19 Und er ließ es ihm nicht zu, sondern spricht zu ihm: Gehe hin nach deinem Hause zu den Deinigen und verkünde ihnen, wieviel der Herr an dir getan, und wie er sich deiner erbarmt hat.

20 Und er ging hin und fing an, in der Dekapolis auszurufen, wieviel Jesus an ihm getan hatte; und alle verwunderten sich.

21 Und als Jesus in dem Schiffe wieder an das jenseitige Ufer hinübergefahren war, versammelte sich eine große Volksmenge zu ihm; und er war am See.

22 Und siehe, es kommt einer der Synagogenvorsteher, mit Namen Jairus, und als er ihn sieht, fällt er ihm zu Füßen;

23 und er bat ihn sehr und sprach: Mein Töchterlein liegt in den letzten Zügen; ich bitte, daß du kommest und ihr die Hände auflegest, auf daß sie gerettet werde und lebe.

24 Und er ging mit ihm, und eine große Volksmenge folgte ihm und drängte ihn.

25 Und ein Weib, das zwölf Jahre mit einem Blutfluß behaftet war,

26 und vieles erlitten hatte von vielen Ärzten und alle ihre Habe verwandt und keinen Nutzen davon gehabt hatte (es war vielmehr schlimmer mit ihr geworden), kam,

27 als sie von Jesu gehört, in der Volksmenge von hinten und rührte sein Kleid an;

28 denn sie sprach: Wenn ich nur seine Kleider anrühre, so werde ich geheilt werden.
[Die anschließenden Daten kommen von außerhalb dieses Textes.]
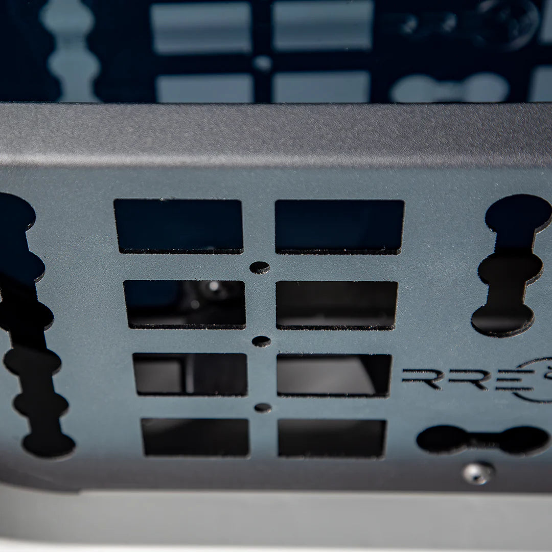 Manufactured from high-grade aluminum alloy (5052), the organizer boasts exceptional strength, wear resistance, and corrosion protection. Its surface is specially treated to prevent fading, bending, and rusting, ensuring durability across various driving conditions and weather. The semi-gloss, textured black Cardinal powder coat adds an extra layer of protection, delivering a rugged yet sophisticated look.
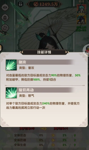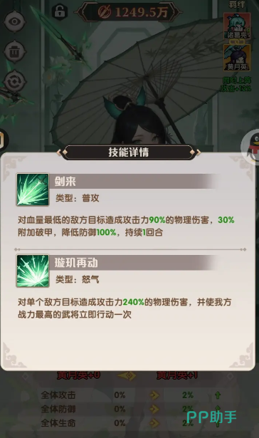 接下来的黄月英来作为普攻的时候可以对血量最低的敌方目标造成攻击力90%的物理伤害,30%附加破甲,降低的防御数值上面100%的百分比,而璇玑再动则是她的怒气技能,用起来对单个敌方目标造成攻击力240%的物理伤害,并使我方战力最高的武将立即行动一次,所以在增加整体的行动能力之后,黄月英可以给我方阵营带来的加成确实很多。
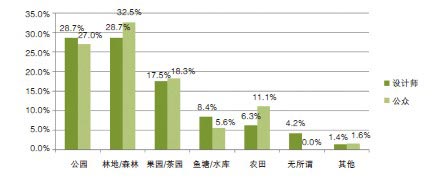 ■ 生產性景觀認知調查問卷 《景觀設計學》編輯部 2010年年初, 《景觀設計學》編輯部針對“ 生產性景觀(Productive landscape)”這一專題,特別展開了網絡與實地問卷調查,以期了解公眾對于“生產性景觀”的認知、喜好程度。此次調查共回收有效問卷269份,其中職業設計師143份,公眾126份。統計分析除了要了解社會對生產性景觀的普遍認識以外,還特別針對這兩類人群對比分析。職業設計師對生產性景觀能有更前瞻的認識?還是普通公眾對生產性景觀會有更有偏好? “生產性景觀”的范圍:種植業、林業、畜牧業及漁業所形成的農業景觀;具生態產出(如調解微氣候、凈化空氣等)功能性的景觀,或能源產出(風力、水力等)功能性的景觀。 對生產性景觀的關注程度 1.您是否在北京城(五環以內)見過生產性景觀(能夠引起人注意大小的菜地、麥田、瓜果地、玉米地、果林、風車、魚塘等)?
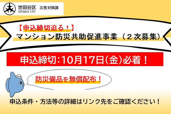 新着情報 マンション防災共助促進事業(2次募集)実施!(9月18日午前9時から申込受付を開始します) 2025年9月24日
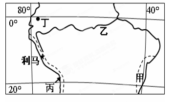 1.利马多大雾天气,主要原因是2.关于图中甲、乙两处气候的说法,正确的是3.丙地某年暴雨天气异常增多,与之相应可能出现的现象是4.乙地与丁地(丁地海拔约3500米)相比
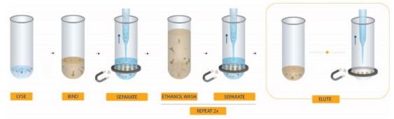 從拭子樣本中提取病毒RNA,是當前病毒研究工作流程中必不可少的步驟。RNAdvance Viral XP旨在利用SPRI(Solid Phase Reversible Immobilization, 固相載體可逆固定)磁珠技術完成高通量的拭子核酸提取,加速工作進程。提取的RNA下游可用于qRT-PCR檢測,以判斷是否存在病毒RNA。
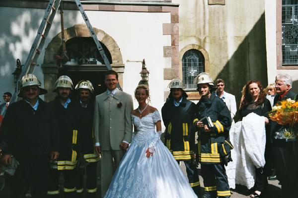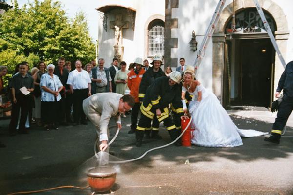 Als sie nach der Zeremonie die Kirche verließen, mussten beide erstmal ihre Ehetauglichkeit unter Beweis stellen, in dem sie das Band der Ehe ganz in Feuerwehrmanier mit Knoten und Stichen knüpften.

29 Und alsbald vertrocknete der Quell ihres Blutes, und sie merkte am Leibe, daß sie von der Plage geheilt war.

30 Und alsbald erkannte Jesus in sich selbst die Kraft, die von ihm ausgegangen war, wandte sich um in der Volksmenge und sprach: Wer hat meine Kleider angerührt?
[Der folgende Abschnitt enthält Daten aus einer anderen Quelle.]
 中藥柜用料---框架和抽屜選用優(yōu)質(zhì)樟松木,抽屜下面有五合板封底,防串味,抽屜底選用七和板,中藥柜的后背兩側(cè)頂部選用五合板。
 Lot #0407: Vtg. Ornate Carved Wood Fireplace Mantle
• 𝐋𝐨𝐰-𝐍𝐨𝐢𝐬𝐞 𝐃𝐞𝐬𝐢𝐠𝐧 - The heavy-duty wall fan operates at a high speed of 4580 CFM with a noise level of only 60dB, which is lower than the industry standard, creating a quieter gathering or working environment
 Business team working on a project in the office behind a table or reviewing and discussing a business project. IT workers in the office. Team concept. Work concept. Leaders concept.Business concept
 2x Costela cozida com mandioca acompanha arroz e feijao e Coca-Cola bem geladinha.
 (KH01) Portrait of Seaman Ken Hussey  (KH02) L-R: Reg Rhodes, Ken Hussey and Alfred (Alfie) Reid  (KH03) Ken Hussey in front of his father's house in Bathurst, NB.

31 Und seine Jünger sprachen zu ihm: Du siehst, daß die Volksmenge dich drängt, und du sprichst: Wer hat mich angerührt?

32 Und er blickte umher, um sie zu sehen, die dieses getan hatte.

33 Das Weib aber, voll Furcht und Zittern, wissend, was ihr geschehen war, kam und fiel vor ihm nieder und sagte ihm die ganze Wahrheit.
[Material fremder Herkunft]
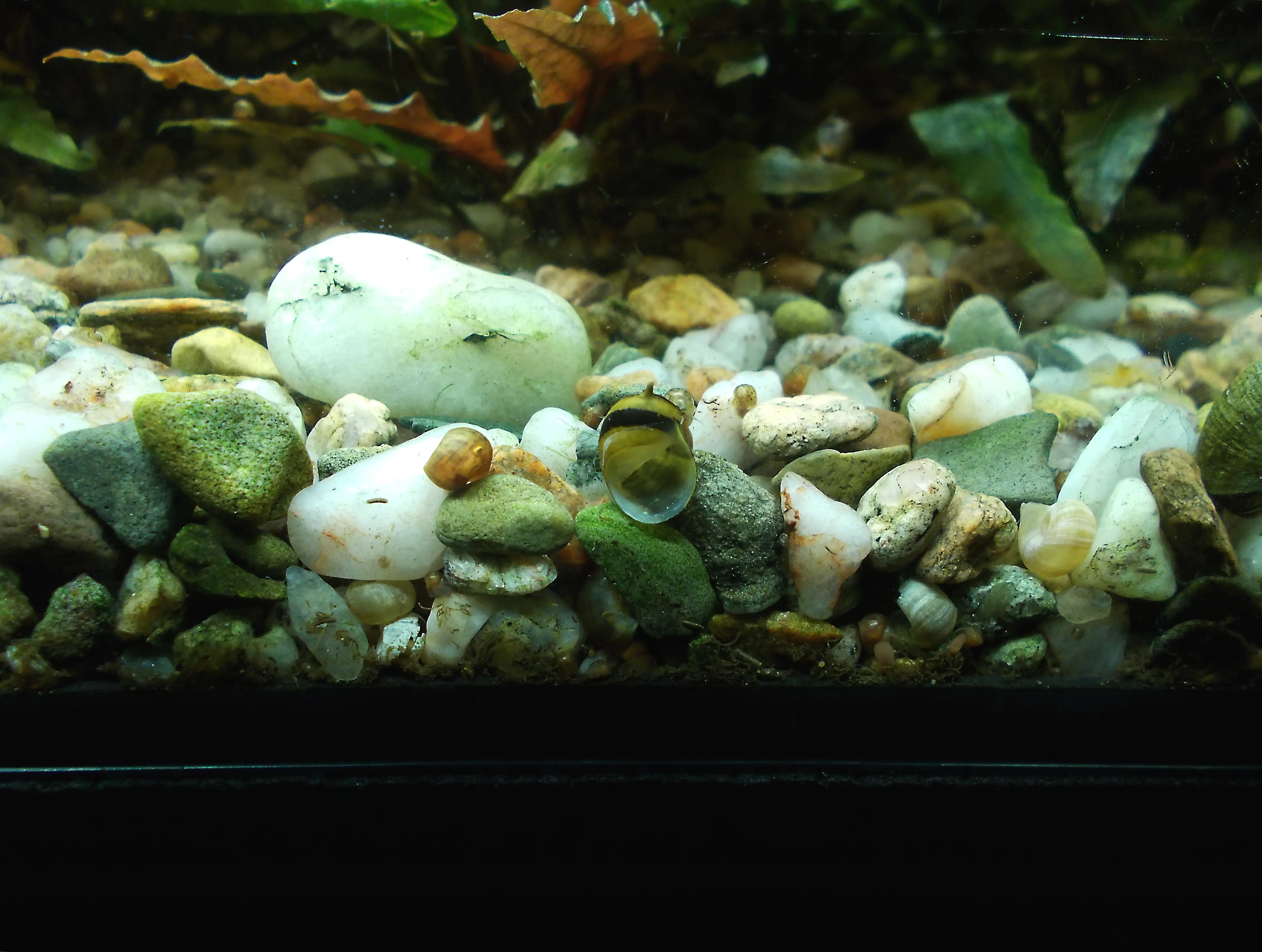 Byl jsem zvyklý, že mi šneky decimují cichlidy, ale Remirezky ani Apistogramy si jich nevšímají, zato krevetky ano. Ale pořád tam nějací větší jsou, takže rovnováha je snad nastolena ...
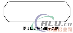 鋁合金卷材生產(chǎn)進(jìn)行試驗(yàn),鑄錠采用梯形鑄錠,鑄錠橫截面見圖1.鑄錠規(guī)格為:600×1320×3450mm,銑面要求3塊鑄錠大面單面銑面量不小11±1mm,3塊鑄錠大面單面銑面量不小于15±1mm,側(cè)面銑面量相同。之后同爐加熱,軋制工藝條件相同,觀察表面起皮情況。
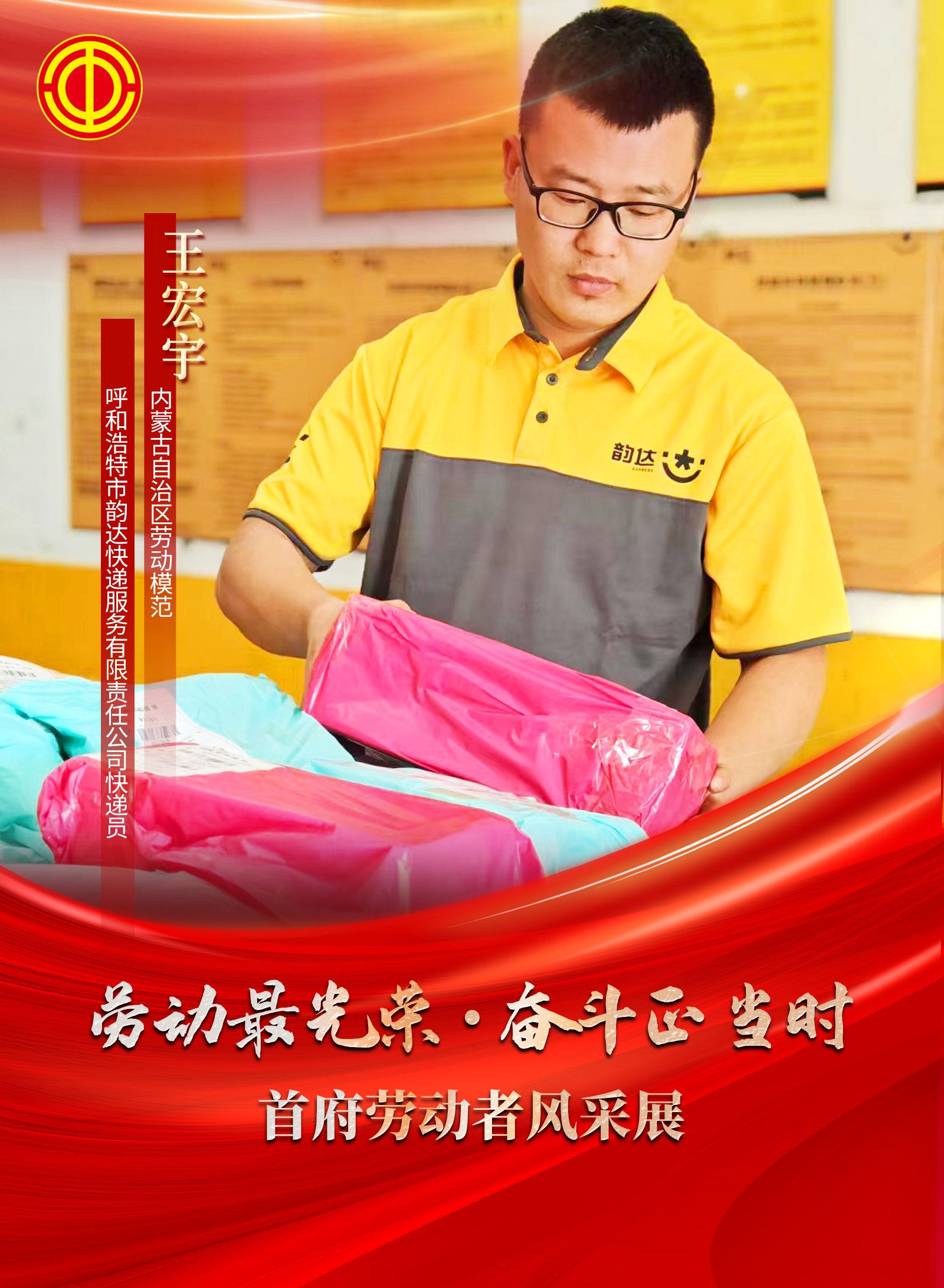 王宏宇,呼和浩特市韵达快递服务有限责任公司快递员,十年如一日扎根一线,以高效服务、创新实践和奉献精神,荣获“呼和浩特市劳动模范““内蒙古自治区五一劳动奖章”“内蒙古自治区劳动模范”等荣誉。

34 Er aber sprach zu ihr: Tochter, dein Glaube hat dich geheilt; gehe hin in Frieden und sei gesund von deiner Plage.

35 Während er noch redete, kommen sie von dem Synagogenvorsteher und sagen: Deine Tochter ist gestorben; was bemühst du den Lehrer noch?

36 Als aber Jesus das Wort reden hörte, spricht er alsbald zu dem Synagogenvorsteher: Fürchte dich nicht; glaube nur.

37 Und er erlaubte niemand, ihn zu begleiten, außer Petrus und Jakobus und Johannes, dem Bruder des Jakobus.

38 Und sie kommen in das Haus des Synagogenvorstehers, und er sieht ein Getümmel und Weinende und laut Heulende.

39 Und als er eingetreten war, spricht er zu ihnen: Was lärmet und weinet ihr? Das Kind ist nicht gestorben, sondern es schläft.

40 Und sie verlachten ihn. Als er aber alle hinausgetrieben hatte, nimmt er den Vater des Kindes und die Mutter und die bei ihm waren mit und geht hinein, wo das Kind lag.

41 Und indem er das Kind bei der Hand ergriff, spricht er zu ihm: Talitha kumi! das ist verdolmetscht: Mägdlein, ich sage dir, stehe auf!

42 Und alsbald stand das Mägdlein auf und wandelte umher, denn es war zwölf Jahre alt. Und sie erstaunten mit großem Erstaunen.

43 Und er gebot ihnen dringend, daß niemand dies erführe, und hieß ihr zu essen geben.